Finalement j'ai l'impression que Réchauffement des esprits est assez symptomatique d'un mal qui ronge nos sociétés modernes : les têtes pensantes, celles et ceux qui se considèrent comme les détenteurs de la connaissance (ou pire, de la vérité), essayent tant bien que mal de s'attaquer aux symptômes de la maladie, mais pas à ses racines.
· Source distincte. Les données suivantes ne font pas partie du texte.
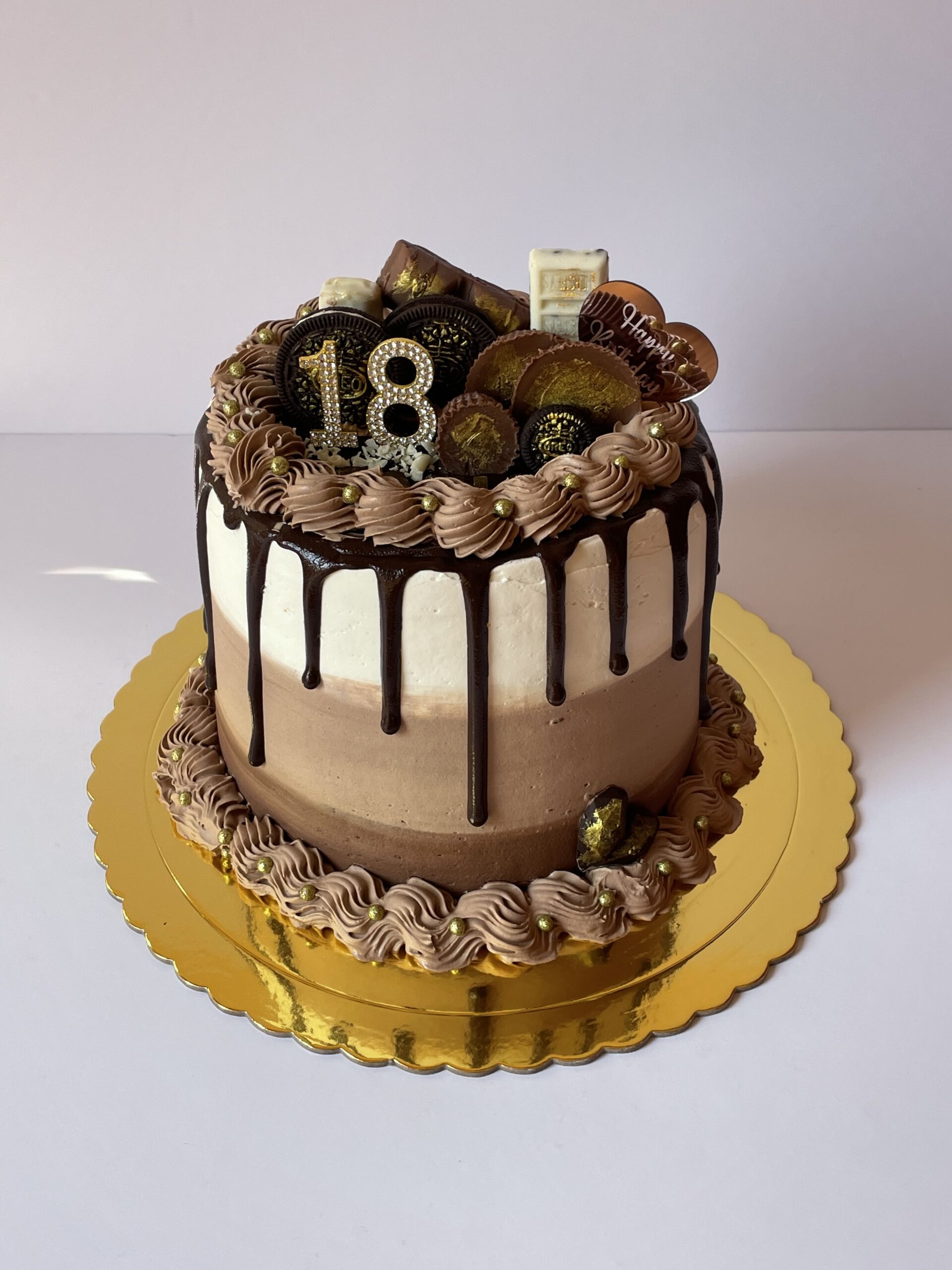 • Decorada con un frosting de queso con drip de chocolate
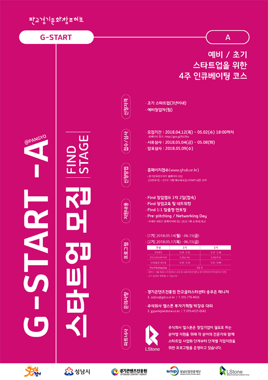ÆÇ±³ °æ±â¹®ÈâÁ¶Çãºê¿¡¼ ÁøÇàµÇ´Â G-START A´Â Ãʱâ´Ü°è ºñÁî´Ï½º ½ÇÇàÀ» À§ÇÑ Çٽɿä¼ÒÀÎ »ç¾÷¾ÆÀÌÅÛ °³¹ßÀ» ÁýÁß°ü¸®ÇÏ´Â ÀÎÅ¥º£ÀÌÆÃ ÇÁ·Î±×·¥ÀÌ´Ù. ÇÕ¼÷Çü â¾÷Ä·ÇÁ¸¦ ºñ·ÔÇÏ¿© ¡ã±³À° ¡ã¸àÅ丵 ¡ã³×Æ®¿öÅ· ÇÁ·Î±×·¥À¸·Î ±¸¼ºµÇ¾î ÀÖ´Ù. ¿ÃÇØ´Â 2±â¼ö¸¦ ¿î¿µ ±â¼öº° 15¸í(ÆÀ)À» ¼±¹ßÇÒ ¿¹Á¤ÀÌ´Ù.

Ils ne voient pas (ou plus) que les dérives actuelles sont la conséquence logique d'un monde capitaliste/darwiniste/individualiste/consumériste où les entreprises en quête de profits exponentiels trouveront toujours des moyens ingénieux pour contourner les règles, s'en absoudre même, et continueront à abêtir et à asservir le plus d'individus possible. On remarquera d'ailleurs les réponses fades, lisses, et sans saveur, de compagnies comme Netflix ou Disney, qui aseptisent le monde pour répondre aux critères définis par les institutions. En voulant déresponsabiliser les individus, en en ayant fait de simples consommateurs égotiques, en restreignant sans cesse le cadre d'expression, je crois que nos décideurs ne font que dépeindre de mieux en mieux l'image du serpent qui se mord la queue. Dommage également de ne pas voir plus de place accordée dans ce livre aux nouveaux canaux d'informations indépendants (Elucid, Thinkerview, Blast, etc) plutôt que de se focaliser sur les organes de presse classiques, même s'il faut bien concéder à l'auteure qu'elle met en garde contre la concentration trop forte des journaux et des médias de l'information aux mains d'oligarques/milliardaires qui influencent indéniablement le contenu de l'information ou du divertissement proposés.
Voilà pour mon retour sur Réchauffement des esprits, par
Pascale Thumerelle. Je suis très mitigé, c'est mi-figue mi-raisin à mes yeux. Pas inintéressant mais son contenu me semble dépassé à bien des égards, même si certains postulats de départ sont justes et bien présentés. Cela me fait même un petit peu peur au final, car j'ai l'impression que nous avançons dans un monde où l'on va continuer de déresponsabiliser les parents, où l'on va continuer d'amoindrir les capacités cognitives des individus (et donc leur esprit critique), où l'on va continuer de mettre à mal la tradition au profit de la bien-pensance, où l'on va continuer de poser des sparadraps sur une hémorragie qui pourrait devenir fatale. Voilà pourquoi j'ai écrit que l'enfer est pavé de bonnes intentions : à trop vouloir faire le Bien, on finit parfois par faire le Mal sans même s'en rendre compte.
Merci à Babelio et à
Actes Sud de m'avoir fait parvenir un exemplaire de cet ouvrage à la suite d'une Masse Critique.